Robert P. Oda, Benjamin J. Madden, John C. Morris, Thomas C. Spelsberg, James P. Landers

Research output: Contribution to journalArticle

24 Scopus citations

Abstract

A dodeca-peptide from the β-subunit of thyroid stimulating hormone (TSH) was used as a model system for developing "multiple-buffer-additive" strategies to effect the separation of structurally-similar peptides.
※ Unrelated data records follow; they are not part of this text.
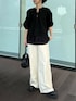 裾にサテン生地とチュールを重ねた タンクトップを使ったコーディネート。 身頃は伸縮性のあるコットンカットソーを使用しているので 肌ざわりが良く着心地も良いです。 いつものニットやカットソーからちらっと 見せるだけでコーディネートが格上げされます✳︎ 何か物足りないと思うときでも この一枚があれば簡単におしゃれ見えします。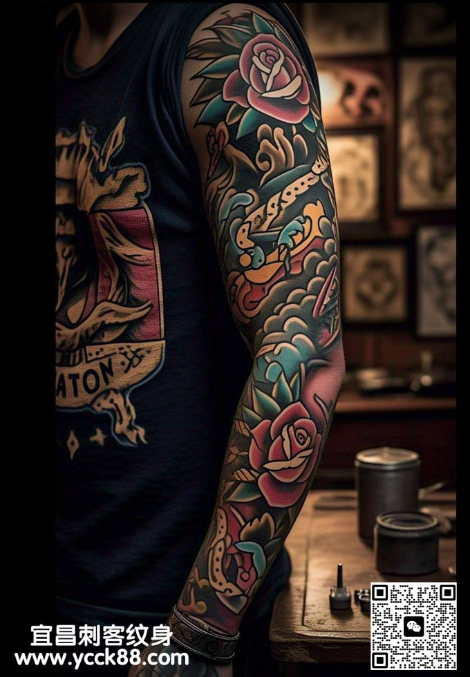 old school彩色花臂纹身 查看更多人体个性纹身图案请登入宜昌刺客纹身网 www.ycck88.com
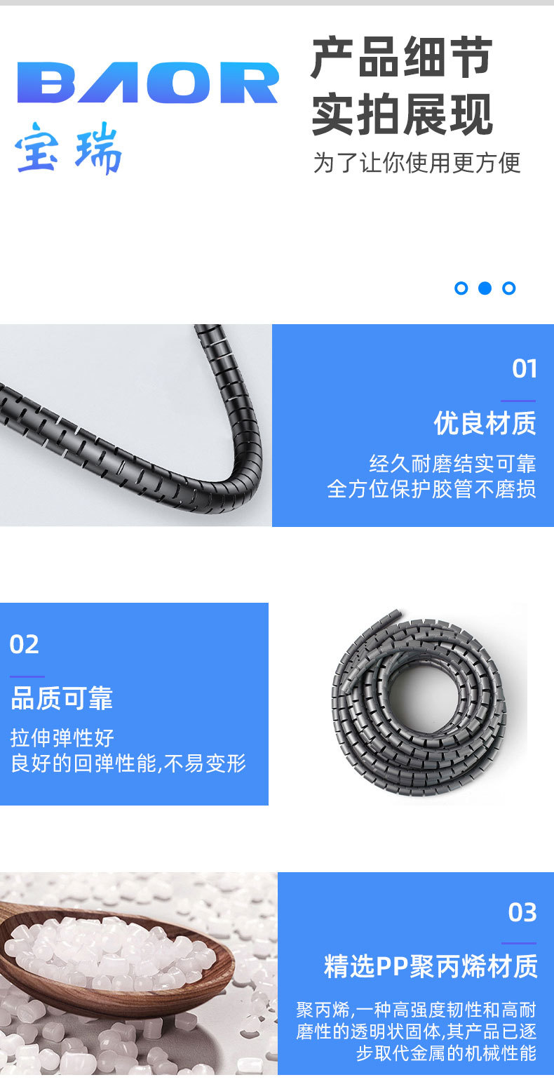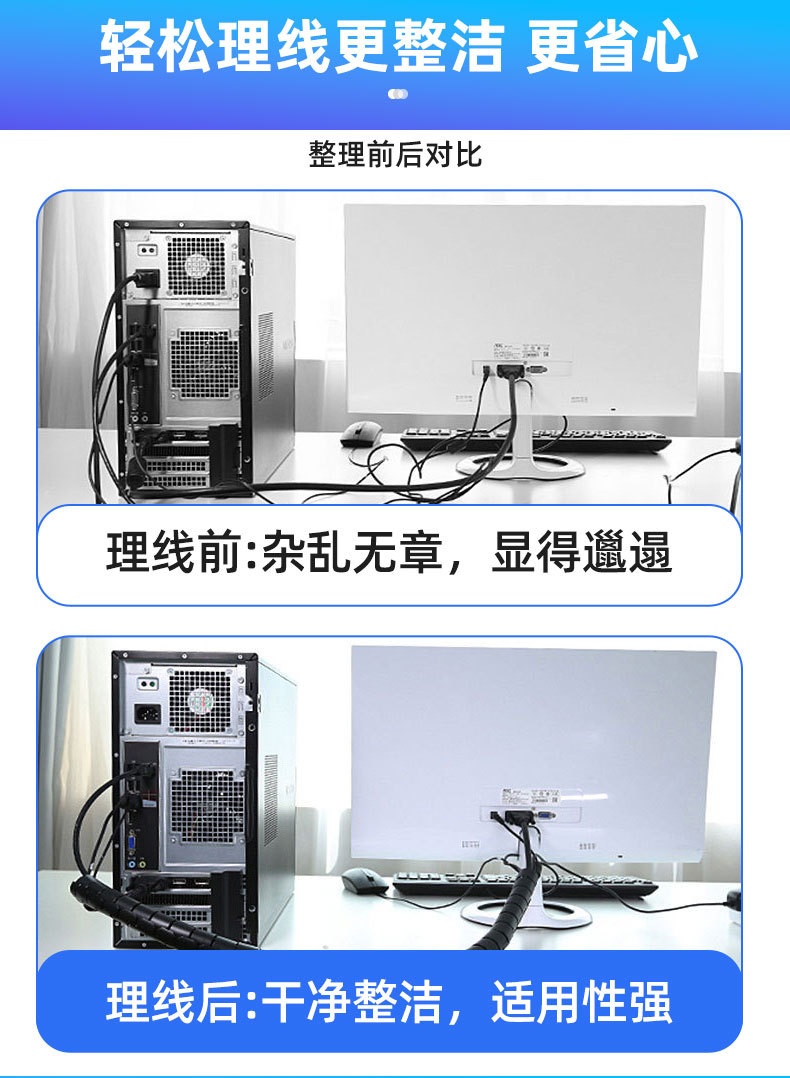 Baorui 전선 보관 보호 커버 포장 파이프 컴퓨터 와이어 하네스 물림 방지 권선 배열 전원 코드 정리 벨트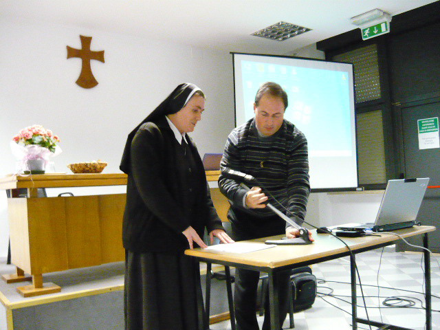Sr. Regina Mirashi, responsabile della scuola “Effata” per audiolesi, in Albania rende partecipe l’assemblea con una serie di slides, della genesi e della storia della scuola.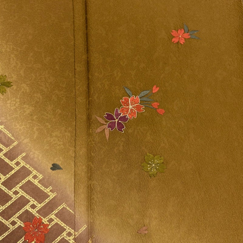 【訪問着】 黄色系 山吹茶色 秀品 B 約160cm~約169cm 裄丈66cm (M)size 袖丈49cm 7990-9980 二万以下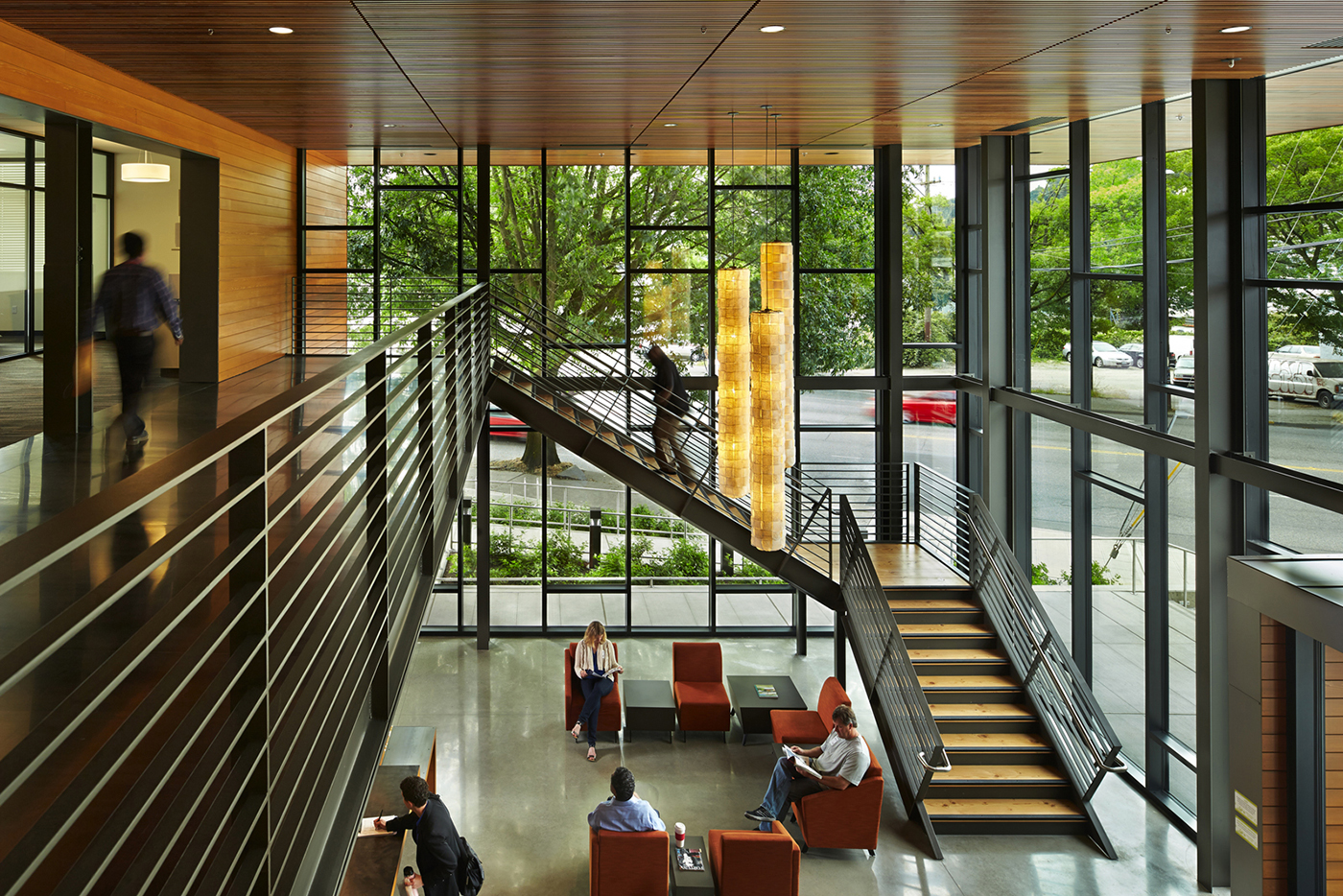 Inside and out, eyes go to a large, glowing light sculpture by Seattle-based artist Yuri Kinoshita. It hangs beside a grand, open stairway — designed to draw people out of the elevators and into light and views — and get them moving.
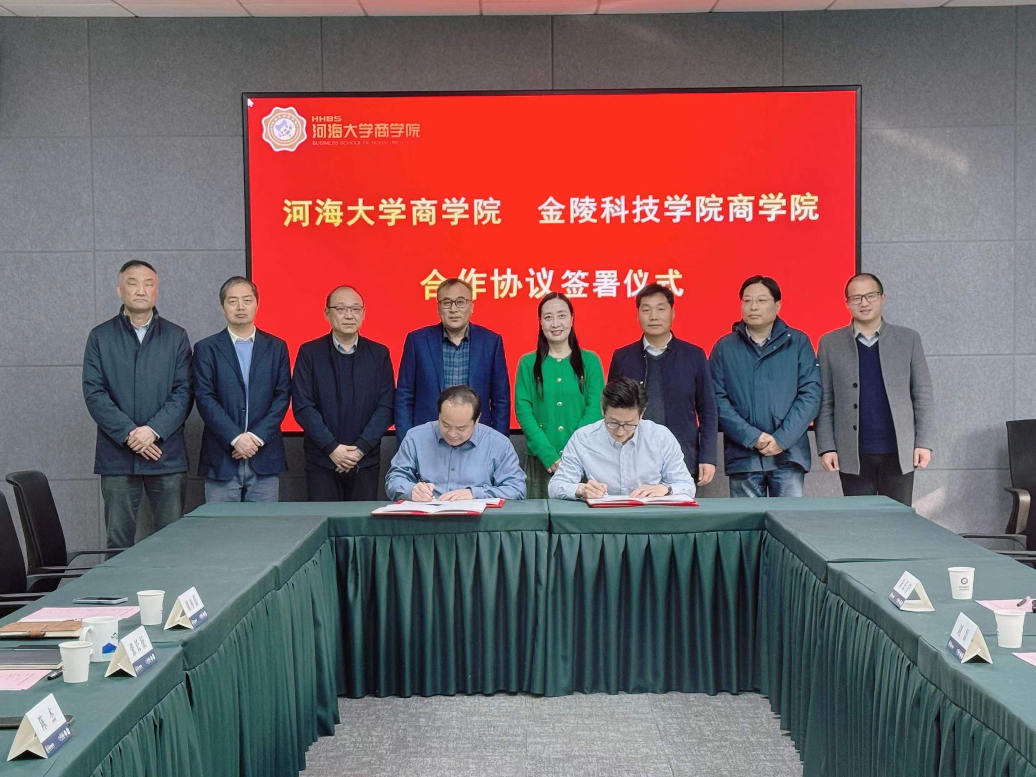 1月21日,我校商学院与河海大学商学院在河海大学博学楼A101会议室举行人才培养合作框架协议签约暨博士生导师组聘任仪式。河海大学商学院党委书记陈杰、副院长(主持工作)张长征、副院长张可、院长助理周申蓓、会计系党支部书记新夫及博士研究生代表;我校副校长顾晓燕,研究生处处长张长青,商学院院长刘磊、副院长黄阳、朱长宁教授参加活动。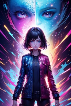 masterpiece,best quality,ultra high res,1girl,tashan,colorful,fractal art,<lora:踏山听海【炫彩】-v1:0.7>,A determined detective who won’t stop until they’ve caught the culprit behind a series of mysterious crimes.,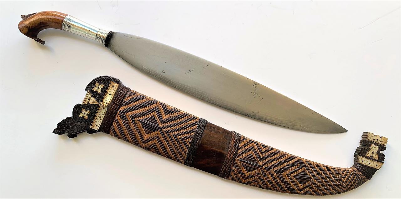 This old Moro barong/barung is a recent purchase, and when it arrived it was a very nice surprise. I knew it was an old, perhaps 19th century, Tausug Moro or Samal Moro barong in a later, mid-20th-century, scabbard. What I did not anticipate was the outstanding quality of the beautifully laminated blade. The laminations are very precisely done and almost remind one of the rings in a tree trunk...I even wonder if that was the inspiration for this sort of pattern weld. This is one of the rarer forms of pattern welding on a Moro barong blade; I believe only a twistcore pattern weld on a barong is rarer.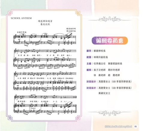 編輯委員會 顧問:蘇碧婷校長 統籌:林珮玲副校長 主編:任燕儀主任 葉碧君副校長 編輯:吳子汶老師 周妙玲老師 徐 晨老師 趙 霞老師 封面設計:馮楚雯女士(6B 李賞同學家長) 封底設計:馮楚雯女士(6B 李賞同學家長) 黃穎兒女士 S.T.F.A. Lee Kam Primary School 81

A series of synthetic peptides included six peptides with identical amino acid composition and two with multiple alanine substitutions at selected positions. Those with identical amino acid composition included the native and reverse sequences of residues 101-112 of the β-TSH and four "computer-shuffled" amino acid sequences. Buffer additives such as acetonitrile (ACN), hexane sulfonic acid (HSA), and hexamethonium bromide (HxMBr), were shown to alter selectivity dramatically. HSA, an ion-pairing agent, and ACN, known to alter the hydrophobic environment of the solute, and HxMBr, which is thought to negate solute-wall interactions, are shown to independently effect only partial resolution of the mixture. It is shown that only with the proper combination of HSA and ACN are all mixture components resolved. These results re-affirm that CE selectivity may be altered by changes in buffer ionic strength or with the addition of HSA, but also show that further changes in selectivity can be achieved through alteration of buffer hydrophobicity. The observed changes in selectivity accompanying the addition of HSA and ACN may be due to differing electrophoretic mobilities resulting from nearest-neighbor effects or subtle differences in peptide secondary structure or solvation. This emphasizes the importance of employing multiple-buffer-additive strategies for effecting the resolution of peptide mixtures that are difficult to separate.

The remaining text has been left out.